A Polícia Federal abriu um inquérito para apurar se o senador Flávio Bolsonaro cometeu crime de calúnia contra Luiz Inácio Lula da Silva. A investigação foi autorizada pelo ministro Alexandre de Moraes, do Supremo Tribunal Federal, com prazo inicial de 60 dias para a apuração.
A decisão foi tomada a partir de uma representação da própria Polícia Federal, com parecer favorável da Procuradoria-Geral da República.
O caso tem como base uma publicação feita por Flávio Bolsonaro em janeiro de 2026 nas redes sociais.
Na postagem, o senador associou Lula ao presidente venezuelano Nicolás Maduro em um contexto de prisão e afirmou que o chefe do Executivo brasileiro “seria delatado”.
Segundo a PF, o conteúdo atribui ao presidente a prática de crimes como tráfico internacional de drogas e armas, lavagem de dinheiro, apoio a organizações terroristas e fraudes eleitorais, sem apresentação de provas.
Ao autorizar a investigação, Alexandre de Moraes destacou o alcance da publicação, feita em ambiente público e acessível a milhares de pessoas, e a gravidade das acusações atribuídas ao presidente da República.
O inquérito tramita no STF devido ao foro privilegiado do parlamentar.

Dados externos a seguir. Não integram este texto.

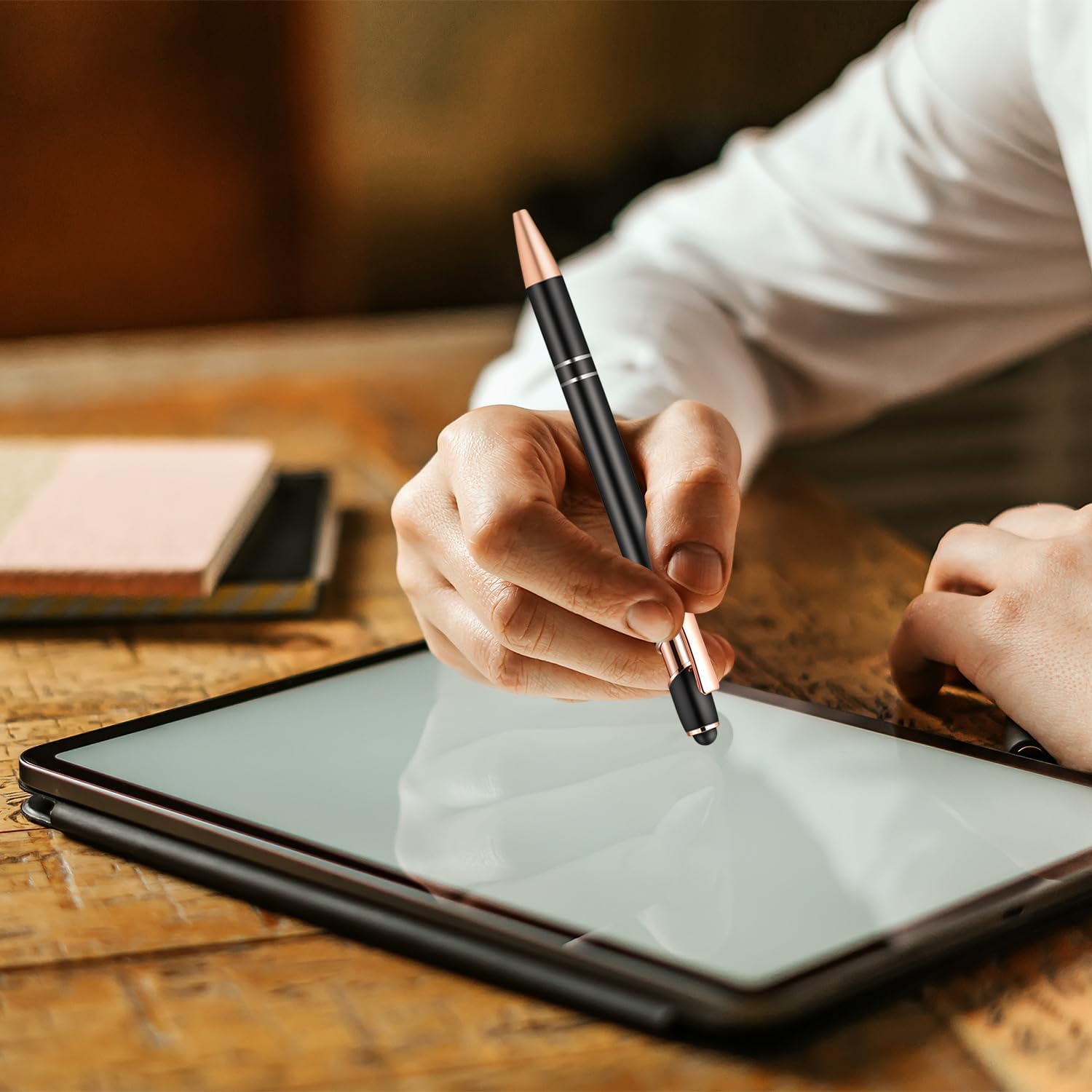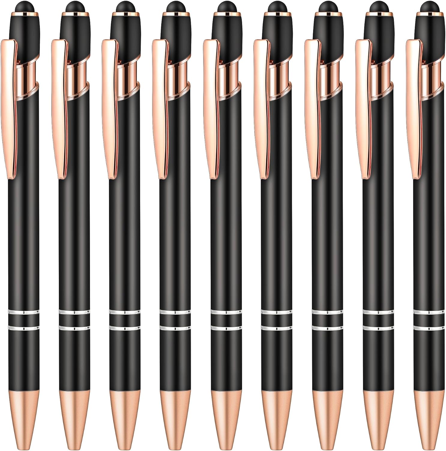 Aozora 9 Pack Ballpoint Pens Smooth Writing 2-in-1 Stylus Retractable Ballpoint Pen with Stylus tip, Office Decor Metal Stylu Pen for Touch Screens, 1.0 mm Black Ink (Black)

Durante as diligências, a Polícia Federal deverá analisar o contexto da postagem, sua repercussão e a eventual intenção de imputar crimes de forma indevida.
Ao final do prazo inicial, os investigadores poderão solicitar a prorrogação das apurações, recomendar o arquivamento do caso ou apontar elementos que sustentem eventual responsabilização do senador.
Após Moraes determinar a abertura do inquérito, o parlamentar reagiu e voltou a associar o petista ao regime de Nicolás Maduro, na Venezuela.
Flávio classificou a medida como “censura” e voltou a criticar o STF.